Já ocorreram irregularidades neste processo legal contra Rafael Marques, incluindo interrogatórios sem a presença do seu representante legal, notificações e citações inapropriadas, e uma contradição de fundo: a aparente intenção do Governo de chamar Rafael Marques como testemunha, de que resultou a sua constituição como arguido e como testemunha do Estado no seu próprio julgamento.
É por saberem que o regime põe a lei da força acima da força da lei que organizações como a Amnistia Internacional, a Human Rights Watch, a Media Legal Defence Initiative, o Centro de Litigação da África Austral, o Comité para a Protecção dos Jornalistas, os Repórteres sem Fronteiras, a Freedom House e muitos outros estão preocupadas com a certeza de que Rafael Marques não terá um julgamento justo, assim como com os repetidos esforços do Governo angolano para restringir a sua liberdade de expressão, e, ainda, de outros jornalistas e cidadãos no país, como é o caso do nosso Director, William Tonet, que já soma 100 processos.

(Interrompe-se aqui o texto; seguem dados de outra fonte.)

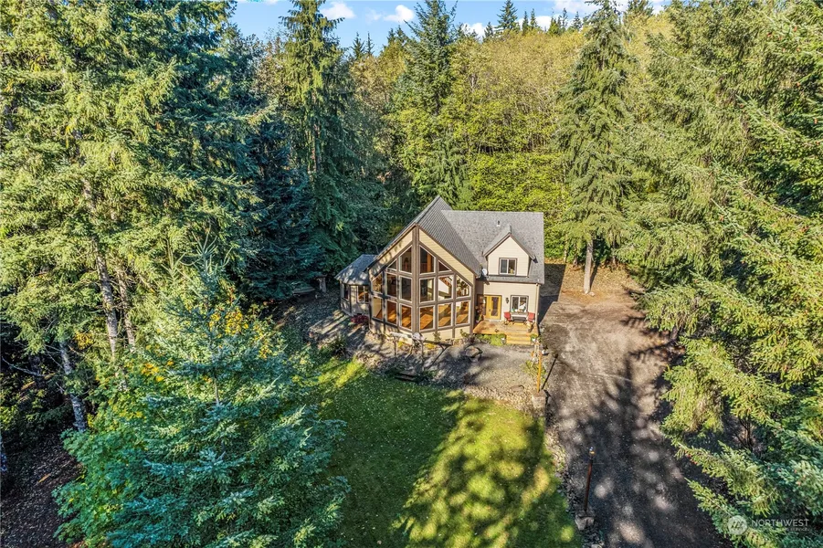 Enjoy the country living! Great home on 2 acres offering a beautiful treed setting. Comfortable floor plan with main level living, pine floors, open concept with high vaulted ceilings, lots of windows to let the light in, dining area, good size utility, primary bedroom/ bath on main level, jetted tub & tile shower, plus a den/ office on main level. 4 spacious bedrooms upstairs with full bath. Property has great concrete patio, lots of parking, pond w/KOI, 30x42 shop with office space & bath, plus storage in the loft of the shop. Great location, secluded yet close to Longview for the easy commute. Easy to show.
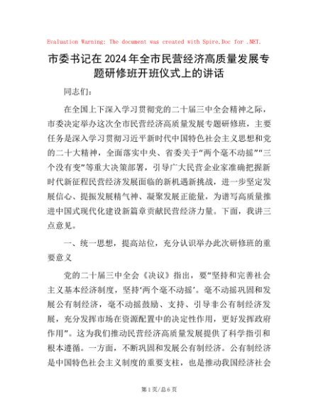 / 市委书记在2024年全市民营经济高质量发展专题研修班开班仪式上的讲话
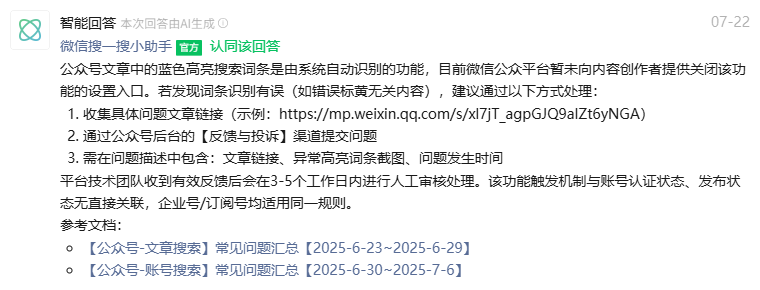 微信公众号的文章里面莫名其妙的标注一个词条然后出现搜索放大镜的东西,能不能关闭,怎么关闭
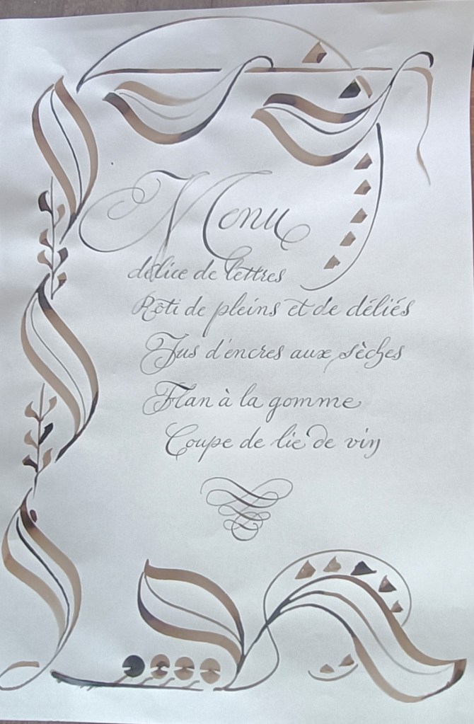 A partir des avis qui se sont dégagés de cette première séance , les 12 personnes présentes ont confirmées le souhait d’un apprentissage calligraphique, que ce soit sur la base du style Onciale pour faire des lettrines, d’un style Onciale pour faires des lettrines, ou gothique pour aller vers le médiéval ou encore anglaise utiliser en textes de faire-parts ou autres menus ou de dessins d’ornements de pages ou de figures utilisant les outils de la calligraphie etc…
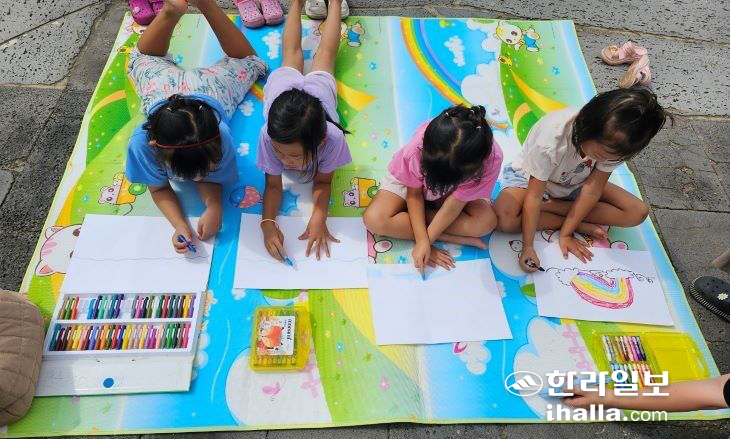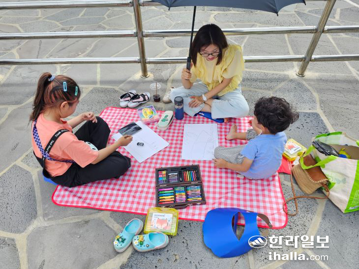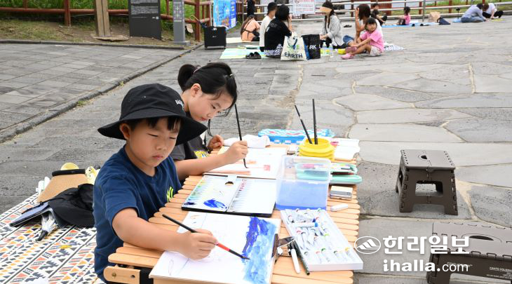 À̳¯ ´ëȸ¿¡ Âü¿©ÇÑ ¾ÆÀ̵éÀº ´«¿¡ ºñÄ£ »ç°è ¾Õ¹Ù´Ù¸¦ ºñ·Ô Á¦ÁÖ °÷°÷ÀÇ ¹Ù´Ù¿Í »ó»ó ¼Ó ¹Ù´ÙÀÇ ¸ð½À µî Àú¸¶´ÙÀÇ »ö±ò·Î Á¦ÁÖ ¹Ù´Ù¸¦ ±×·Á°¬´Ù. ÇÔ²² ¿Â ºÎ¸ðµéµµ À̳¯¸¸ÅÀº Á¶·ÂÀÚ°¡ ¾Æ´Ñ Á÷Á¢ ±×¸²À» ±×¸®¸ç µ¿½ÉÀ¸·Î µ¹¾Æ°£ ¸ð½ÀÀ̾ú´Ù.
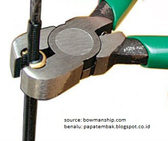 Yang ini murah meriah, tinggal iketin aja benang di titik yang diinginkan, asal agak nonjol dikit lebih gede dari string biar si nock gak bisa lewat. Terus iket mati biasa aja. Jangan dulu dilem kalo belum tau posisi pasnya dimana. Cobain tembak beberapa arrow/anak panah. Kalo belum pas bisa digeser sedikit, atau bongkar lalu pasang yang baru kalo susah.
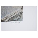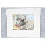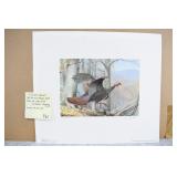 Prints #P41-50: P41. Framed & Double Matted PA Conservation Stamp & Print by George Losch – 1988 – #397/1300 – Signed by the Artist P42. Framed 1986 Conservation Stamp & Print “Keystone Classics” PA Wildlife Heritage Series Plate #1 by George Losch – #11/50 Framed AP P43. Framed Print “The Meadow” (American Woodcock” by George Losch – 1983 – #11/75 AP P44. Framed Print “Springtime Grouse” by Ned Smith – #128/900 – NSCNA P45. Framed Print “Deep Woods Drummer” by Ned Smith – #737/1069 – NSCNA P46. Framed Oil on Canvas Snow Scene Ruffed Grouse in Flight by Dan Christ – Back of Canvas in Hand Signed by Dan Christ & Dated 12-20-84 – Appears to be an Original! P47. Unframed Print w/Advertising “Monarch of the Forest” by Mark Twain Noe – Signed & #86/100 AP P48. Unframed Print “Sultan’s Glade” by Mark Twain Noe – Signed & #74/100 AP P49. Unframed Print “Reflecting His Majesty” by G. Harvey – w/Certificate of Authenticity & Sleeve – Limited Edition 22 Wide ¼” by 27” Tall P50. Framed & Double Matted Print “Keeper of the Cliffs” by Ned Smith – Signed & #569/600 – 25” Wide x 30 ¾” Tall
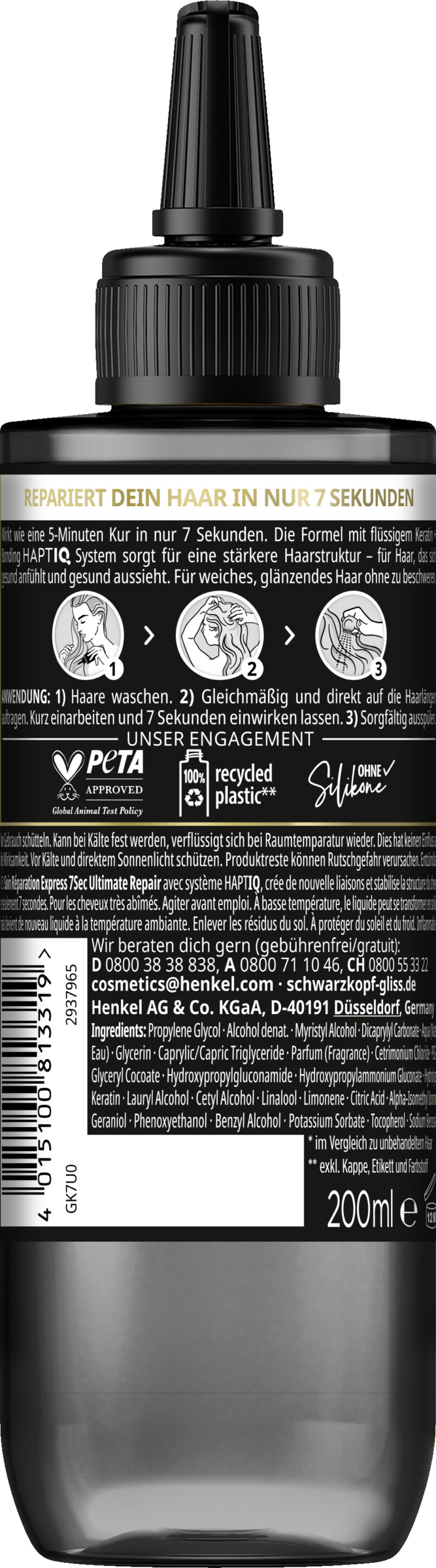 Die Formelinnovation: Repariere dein Haar in nur 7 Sekunden. Die Gliss 7 Sec ist effektiv wie eine 5-Minuten Kur in nur 7 Sekunden und verwandelt sich bei Anwendung in eine cremige Textur, für glänzendes, repariertes Haar. Die Gliss 7 Sekunden Express Kur ist abgestimmt auf sehr geschädigtes, trockenes Haar und sorgt für 100 % stärkeres Haar¹. Die Haarpflege kombiniert das HAPTIQ-System mit flüssigem Keratin.
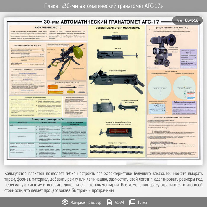 Плакат «30-мм автоматический гранатомет АГС-17» (ОБЖ-16, 1 лист) в Ачинске купить
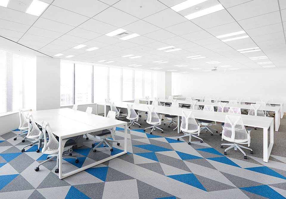 - グループ形式にも、講義形式にも対応可能な”台形デスク”は、幾何学模様をコンセプトとしたオフィスデザインを踏襲し、選ばれました。室内はスクリーン、プロジェクター、マイクが完備され、来場された方に最高の「学び」や「交流」の場をもたらします。
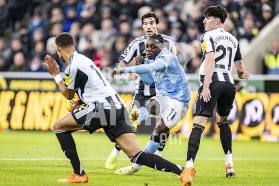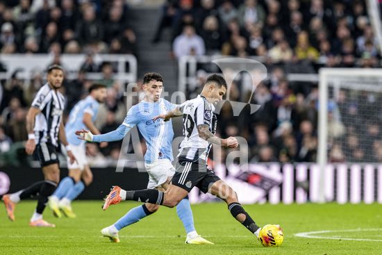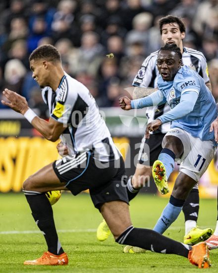 2846909 NEWCASTLE UPON TYNE, INGLATERRA - 22 DE NOVEMBRO: Jeremy Doku, do Manchester City, chuta durante a partida da Premier League entre Newcastle United e Manchester City no St James Park, em 22 de novembro de 2025, em Newcastle, Inglaterra. (Richard Callis/Fotoarena)
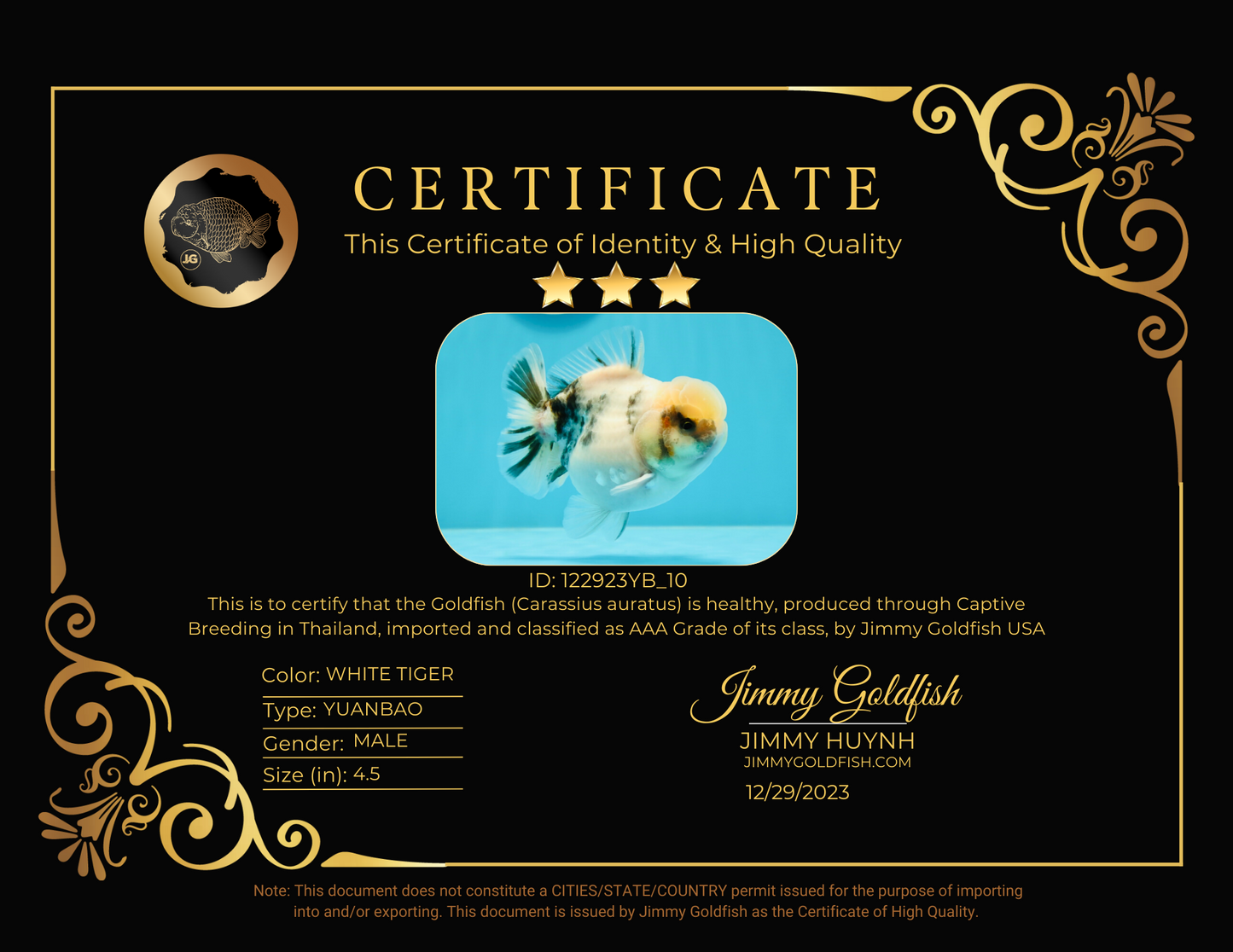 Unleash the inner ferocity of your aquarium with our AAA Grade White Tiger Yuanbao Male! With a unique color mark and chunky, rounded body, this 4.5-inch goldfish is a must-have for any high-quality tank. Keep it healthy and happy with Jimmy Style for maximum benefits. 🐅🐠 #122923YB_10
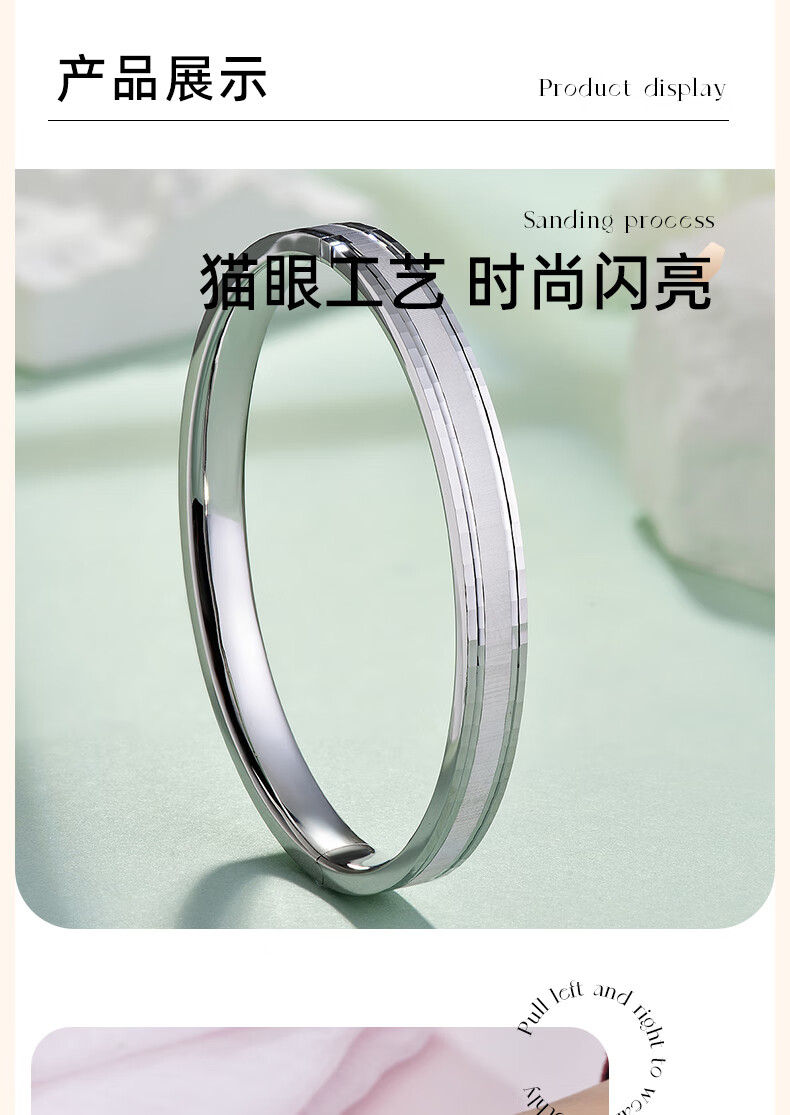 GsunG platinum PT950 bracelet for women, couple style, cat eye craft bracelet, colorful brushed surface platinum bracelet spring buckle, calculated based on the gold price of the day
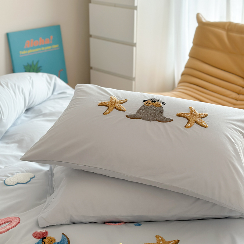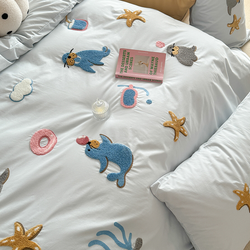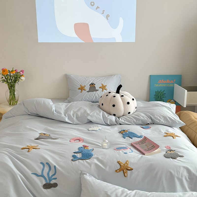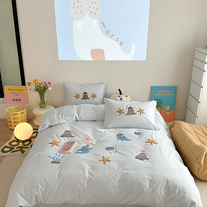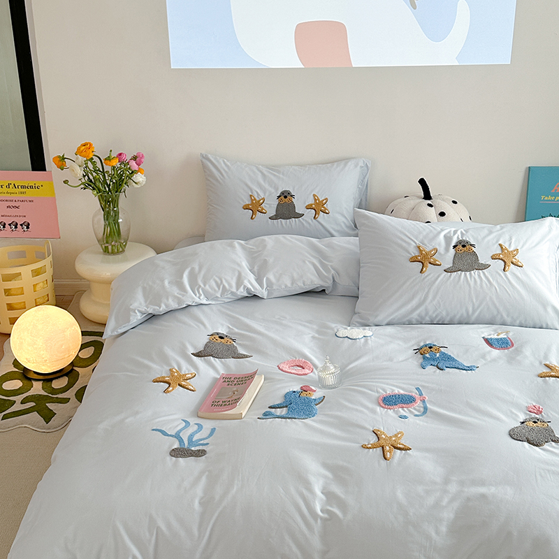 商品名称:柚子YOUTH 2024新款全棉水洗棉毛巾绣散排卡通系列四件套 海狮

Estes organismos instam o sistema judicial angolano a reconhecer a decisão de Dezembro de 2014 do Tribunal Africano para os Direitos Humanos e dos Povos, num caso de difamação contra um jornalista no Burkina Faso, segundo a qual as penas de prisão como sanção para a difamação violam a Carta Africana dos Direitos Humanos e dos Povos e o Pacto Internacional sobre os Direitos Civis e Políticos.
A lei relativa à denúncia caluniosa pela qual Rafael Marques está a ser julgado deve, por isso, ser considerada uma violação da Constituição de Angola e das obrigações de Angola à luz do direito internacional.